— Мне что-нибудь сделать, сэр? — вежливо и почтительно, выражая готовность быть полезным, спросил Сёрэн — как его всегда учили.
— Сказал бы я, да Заратустра не велит… — опять процедил господин, на секунду скаля красивые, как у пантеры, клыки. Дама сделала ему большие глаза с упреком. — Пока отогревайся и пей больше.
Сёрэн с решимостью покивал, залез уже, было, в домик из альпаковой шерсти и свернулся лисенком, но вдруг снова сел прямо, спуская ноги на пол, как подобает, когда разговариваешь с господами.
— Господин… — Сёрэн увидел, как господин, едва услышав его обращение, болезненно зажмурился, и даже едва слышный краткий стон-вздох как будто слетел с его губ. — Простите… сэр. Мне позволено задать вопрос?

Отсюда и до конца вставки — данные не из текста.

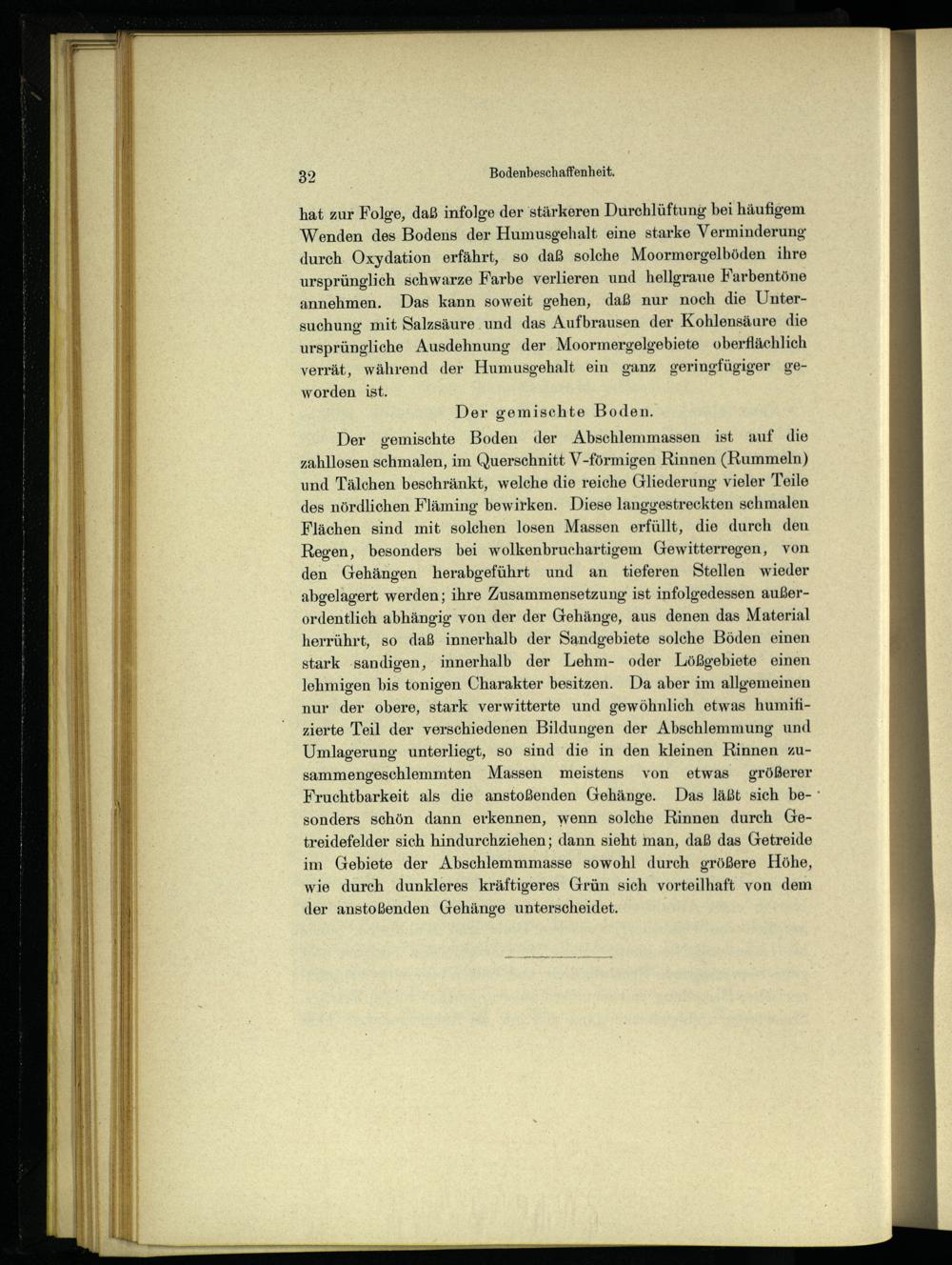 Der gemischte Boden der Abschlemmassen ist auf die zahllosen schmalen, im Querschnitt V-förmigen Rinnen(Rummeln) und Tälchen beschränkt, welche die reiche Gliederung vieler Teile des nördlichen Fläming bewirken. Diese langyestreckten schmalen Flächen sind mit solchen losen Massen erfüllt, die durch den Regen, besonders bei wolkenbruchartigem Gewitterregen, von den Gehängen herabgeführt und an tieferen Stellen wieder abgelagert werden; ihre Zusammensetzung ist infolgedessen außerordentlich abhängig von der der Gehänge, aus denen das Material herrührt, so daß innerhalb der Sandgebiete solche Böden einen stark ‚sandigen, innerhalb der Lehm- oder Lößgebiete einen lehmigen bis tonigen Charakter besitzen. Da aber im allgemeinen nur der obere, stark verwitterte und gewöhnlich etwas humifizierte Teil der verschiedenen Bildungen der Abschlemmung und Umlagerung unterliegt, so sind‘die in den kleinen Rinnen zusammengeschlemmten Massen meistens von etwas größerer Fruchtbarkeit als die anstoßenden Gehänge. Das läßt sich be-‘ sonders schön dann erkennen, wenn solche Rinnen durch Getreidefelder sich hindurchziehen; dann sieht man, daß das Getreide im Gebiete der Abschlemmmasse sowohl durch größere Höhe, wie durch dunkleres kräftigeres Grün sich vorteilhaft von dem der anstoßenden Gehänge unterscheidet.

— Сёрэн, ты вообще не в состоянии себя пересилить и называть меня по имени? — промолвил господин, снова сея смятение у парня в душе. Он и в самом деле не мог преодолеть неосязаемую внутреннюю преграду. Сёрэн ни к одному еще человеку за всю жизнь не обратился по имени. Подобные дерзости строго запрещались. Он едва заметно отрицательно покачал головой. — Хорошо, каков твой вопрос?
— Спасибо, сэр. Вы не могли бы мне объяснить… — начал он, смущенно улыбаясь. — Я много раз пытался обратиться на улице за помощью, но от меня либо убегали, либо начинали надо мной смеяться. Мне бы очень хотелось понять, почему. Что я сделал непозволительного? Все-таки, это другая страна…

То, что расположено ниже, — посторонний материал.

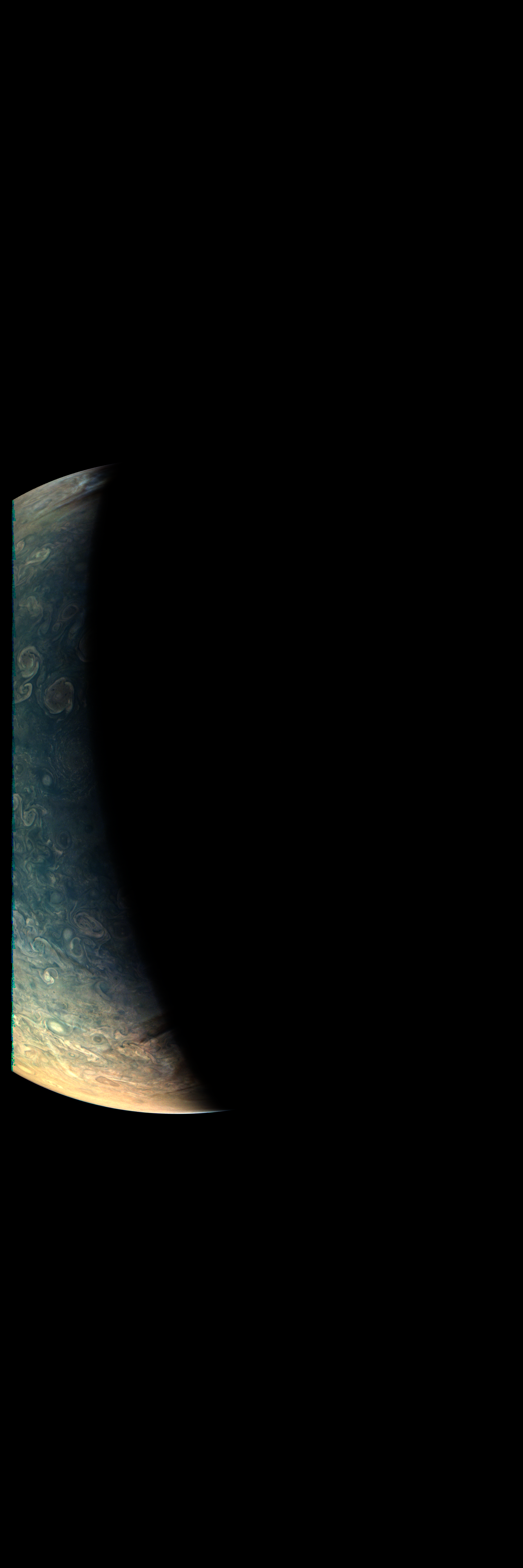 Junocam pixels are 12 bits deep from the camera but are converted to 8 bits inside the instrument using a lossless "companding" table, a process similar to gamma correction, to reduce their size. All Junocam products on the missionjuno website are in this 8-bit form as received on Earth. Scientific users interested in radiometric analysis should use the "RDR" data products archived with the Planetary Data System, which have been converted back to a linear 12-bit scale.

— Ты был одет, как стриптизер, — бросил господин через плечо с какой-то сильной, но непонятной Сёрэну эмоцией. — Они либо пугались, либо думали, что ты над ними прикалываешься.
— Но разве моя одежда похожа на одежду для стриптиза? — в глазах Сёрэна читалось неподдельное и столь наивное удивление, что хлестнуло чем-то зловещим. Парень перебрал в памяти костюм, который на нем был, когда он сбежал из апартаментов: кожаные черные легинсы, кожаное болеро с портупеей, густо и приятно оплетавшей ремешками грудь и живот, белая легкая рубашка свободного кроя, которую полагалось завязывать узлом на талии. Да, еще ошейник, конечно. Хозяин не любил вычурности в повседневном гардеробе. Но пускай даже так, и в Лондоне стриптиз танцевали в домашней одежде, что пугающего или смешного нашли местные жители в стриптизере?
— У тебя не осталось этой…как ее…тинктуры валерьяны от госпожи Нино? Что-то мне не очень хорошо становится, — неожиданно обратился господин к своей супруге, потирая виски.
— Лучше не надо, у тебя на валерьяну от госпожи Нино странная реакция, — предостерегла дама.
— Сэр… простите, если я что-то не так…
— Сёрэн! — вдруг резким и властным голосом прикрикнул господин, заставляя его незаметно втянуть голову в плечи. — Во-первых, прекрати предварять каждую фразу извинением, во-вторых, иди, подогрей себе еще молока и выпей, в-третьих, с вашего позволения я ненадолго удалюсь проветриться.
— Да, конечно, сэр… Простите, если я создал…- Сёрэн прикусил язык. Ему только что было велено прекратить извиняться.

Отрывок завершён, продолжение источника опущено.